**EXERCISE**
Exactly the lines below from the line with "Red and white" through the line with "Nastaviteľná teplota varenia" must make up the answer, both ends included and pictures left out.

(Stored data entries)

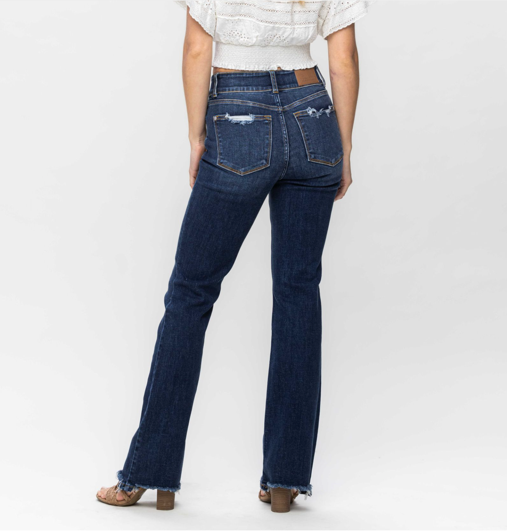 Rock a vintage vibe with our 32.5" Judy Blue Vintage High Waisted Bootcut jeans. These dark wash beauties feature a trendy frayed hem and double buttons add an extra touch of style. They have slightly less stretch for a firmer classic fit. Time to turn heads (and turn up the fun)!
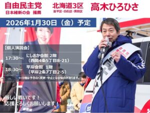 北海道第4選挙区 自民党候補 中村ひろゆきさんの個人演説会が岩内町で開催されました。 2026年1月31日 北海道第4選挙区 自民党候補 中村ひろゆきさんの個人演説会が岩内町で開催されました。 投稿を読む »
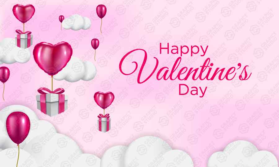 Valentine's Day background for love, 3d realistic style. Gift boxes with heart balloon floating it the sky
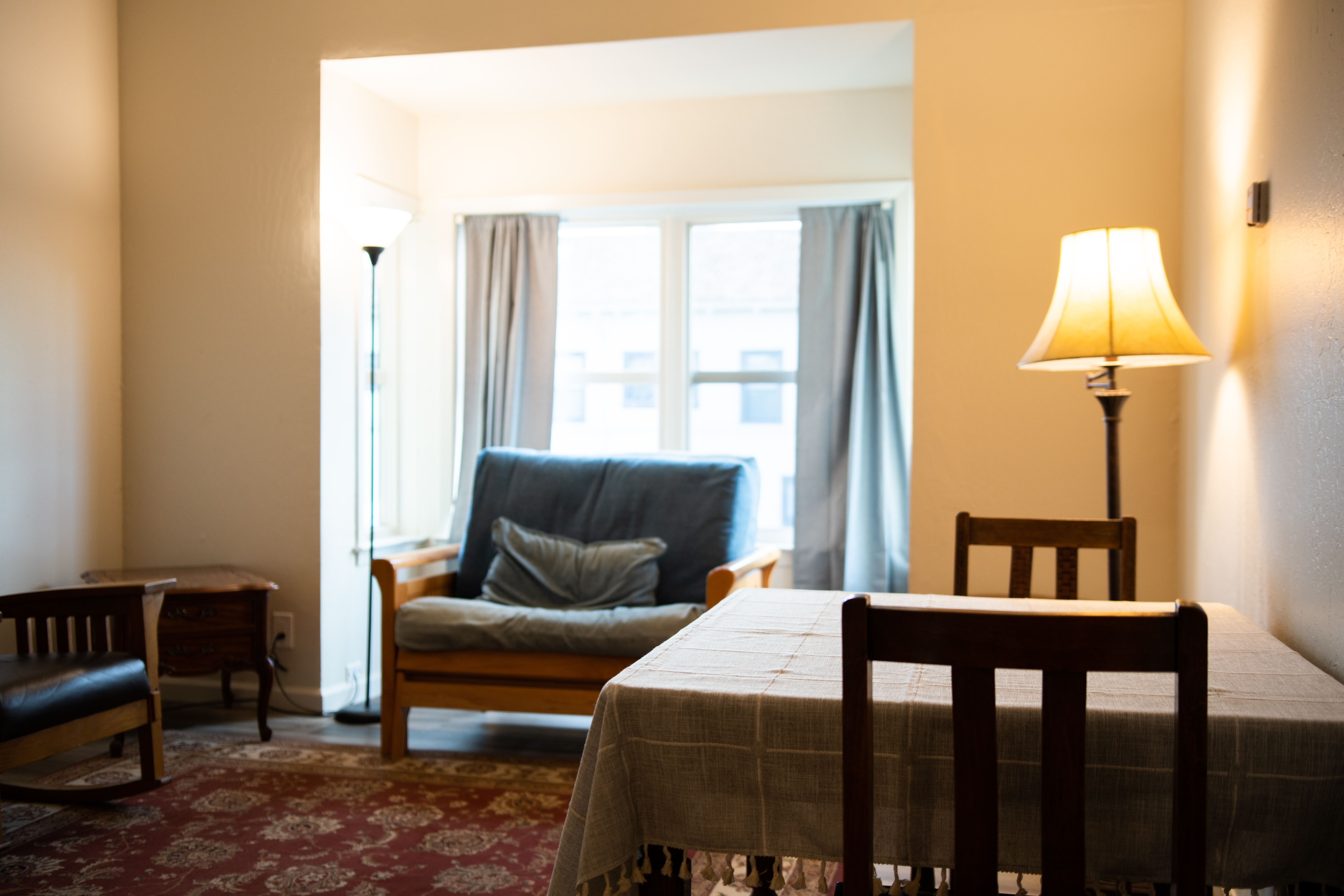 An older craftsman three bedroom one bathroom unit in the heart of Alameda has been a lovely resting place for four refugee families in the past three years. One family was from Guatemala, one from Mexico, and two from Afghanistan. They have all loved the ease of access this house provides to shopping and schools, and the warmth of its lovely dark wood details. It has a large kitchen, formal dining room, and large living room. It feels like a true home to our new families.
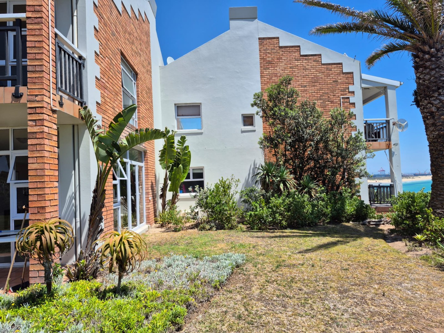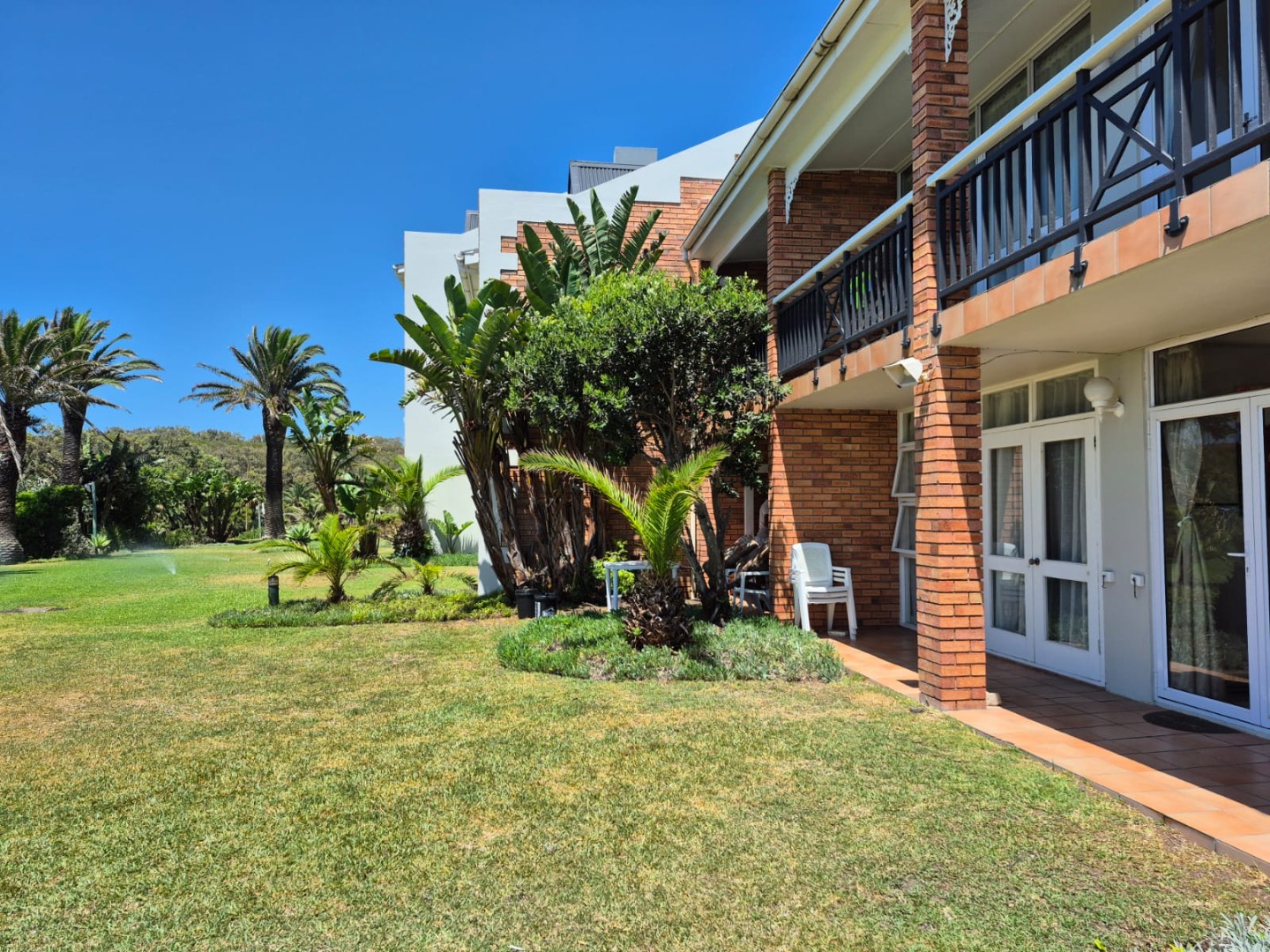 Patio stepping out into a beautiful garden with ocean views
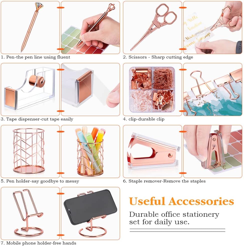 • ✅Versatile Use: Our beautiful rose gold desk accessories are perfect for any occasion, be it in school, office, study, or conference rooms. They make practical and elegant gifts for family, friends, colleagues, and students alike.
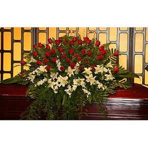 Red and white classic piece makes a nice floral presentation for a memorial service.
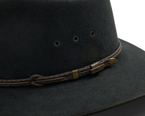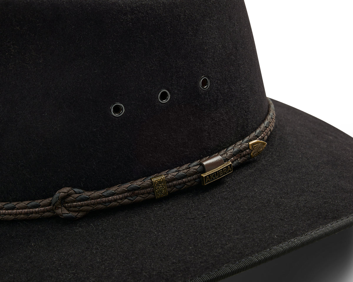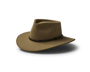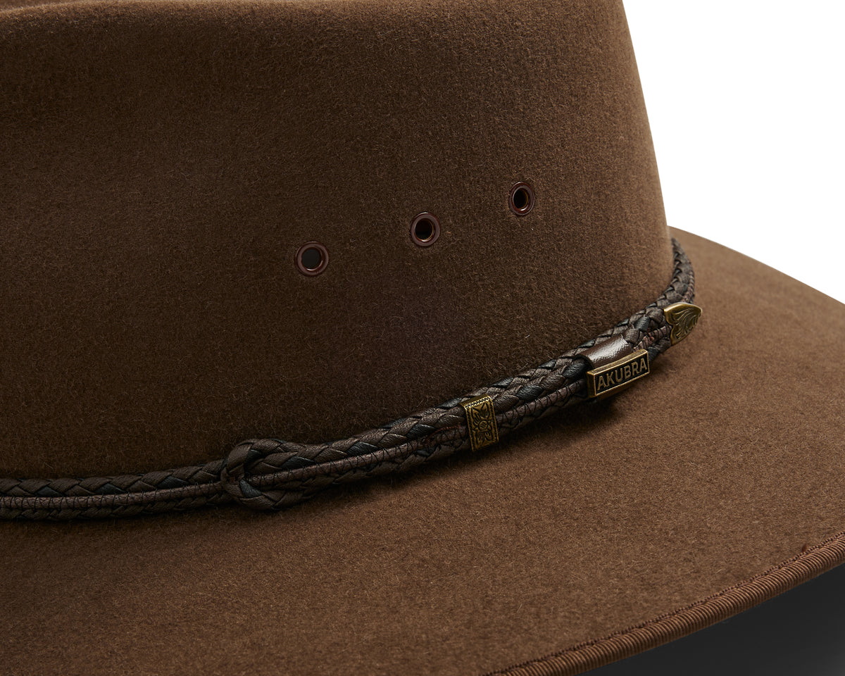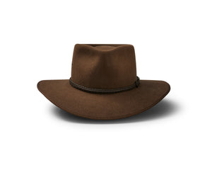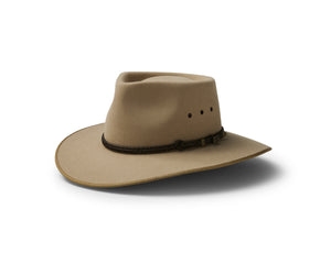 This country style is a classic that is instantly recognisable as an AKUBRA, the best selling hat in Australia for decades. The shallow round crown is a contrast to the high rising cowboy styles of the United States and is therefore iconically Australian. A simple yet sturdy braided leather trim makes for a no-nonsense, hard wearing hat.
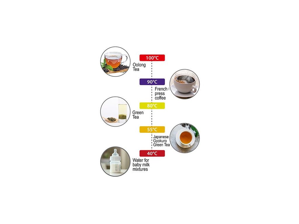 Nastaviteľná teplota varenia 40 °C / 55 °C / 80 °C / 90 °C / 100 °C
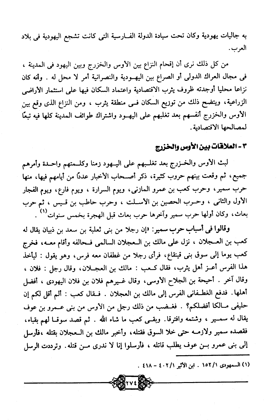 من كل ذلك نرى أن إقحام النزاع بين الأوس والخزرج وبين اليهود في المدينة في مجال العراك الدولي أو الصراع بين اليهودية والنصرانية أمر لا محل له. وأنه كان نزاعًا محليًّا أوجدته ظروف يثرب الاقتصادية واعتماد السكان فيها على استثمار الأراضي الزراعية، ويتضح ذلك من توزيع السكان في منطقة يثرب، ومن النزاع الذي وقع بين الأوس والخزرج أنفسهم بعد تغلبهم على اليهود واشتراك طوائف المدينة كلها فيه تبعًا لمصالحها الاقتصادية.
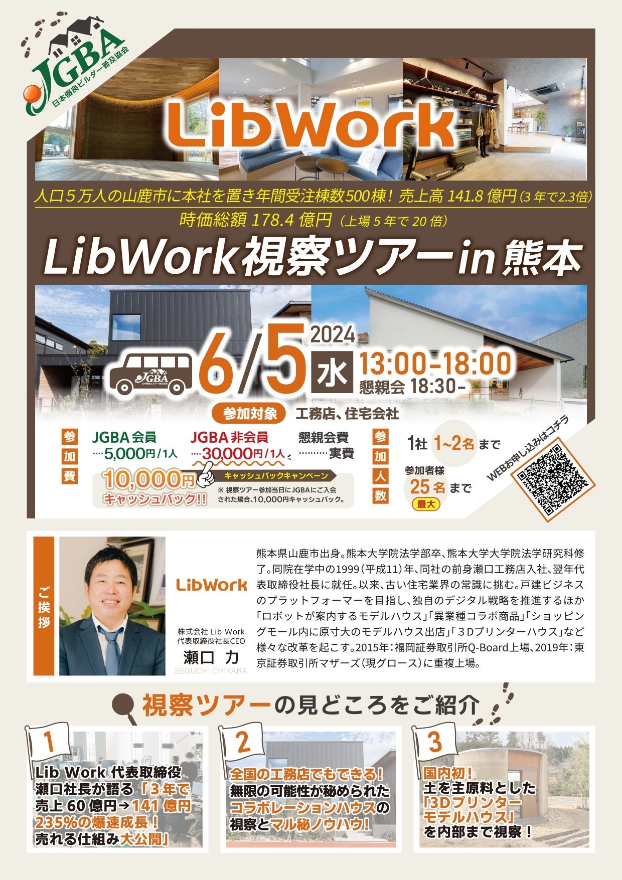 今年のJGBA初となる視察ツアー開催企業は人口5万人の熊本県山鹿市に本社を置き年間受注棟数500棟、売上高141.8億円(3年で2.3倍)時価総額178.4億円(上場5年で20倍)を誇る株式会社Lib Work(本社:熊本県山鹿市、代表取締役社長CEO:瀬口力)で決定しており、同社の事務所や店舗、展示場といった施設を実際に視察する予定となっております。2024年6月5日(水)に開催が決定しており、会員企業に問わず全国の工務店、住宅会社が参加予定です。
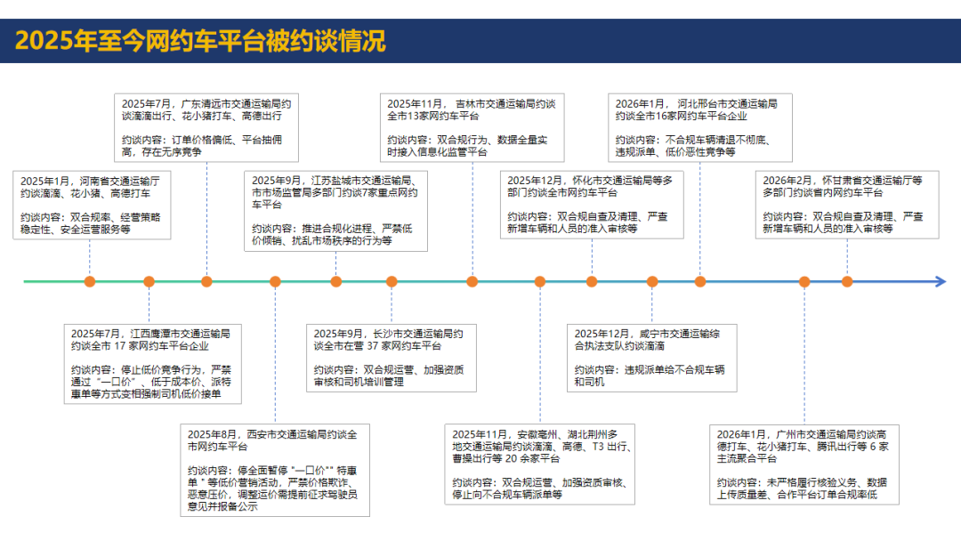 源媒汇初步统计,自2025年以来,多地交通运输部门对重点网约车平台约谈次数为11次。约谈内容几乎一致:双(车辆、司机)资质合规问题、平台资质审核、低价竞争以及合规数据失真。
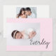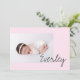 Celebrate the arrival of your little one with this soft and elegant photo birth announcement card. Designed with a gentle pink frame and modern handwritten script this layout highlights your newborn’s photo while keeping the look clean timeless and heartfelt. Easily personalize with baby name birth date weight length and parent names to create a meaningful keepsake for family and friends. Perfect for mailing or sharing as a cherished newborn announcement this design pairs beautifully with professional photography and everyday snapshots alike. A second photo is available to customize on the back as well.

**TASK OUTPUT**
 Red and white classic piece makes a nice floral presentation for a memorial service.
 This country style is a classic that is instantly recognisable as an AKUBRA, the best selling hat in Australia for decades. The shallow round crown is a contrast to the high rising cowboy styles of the United States and is therefore iconically Australian. A simple yet sturdy braided leather trim makes for a no-nonsense, hard wearing hat.
 Nastaviteľná teplota varenia 40 °C / 55 °C / 80 °C / 90 °C / 100 °C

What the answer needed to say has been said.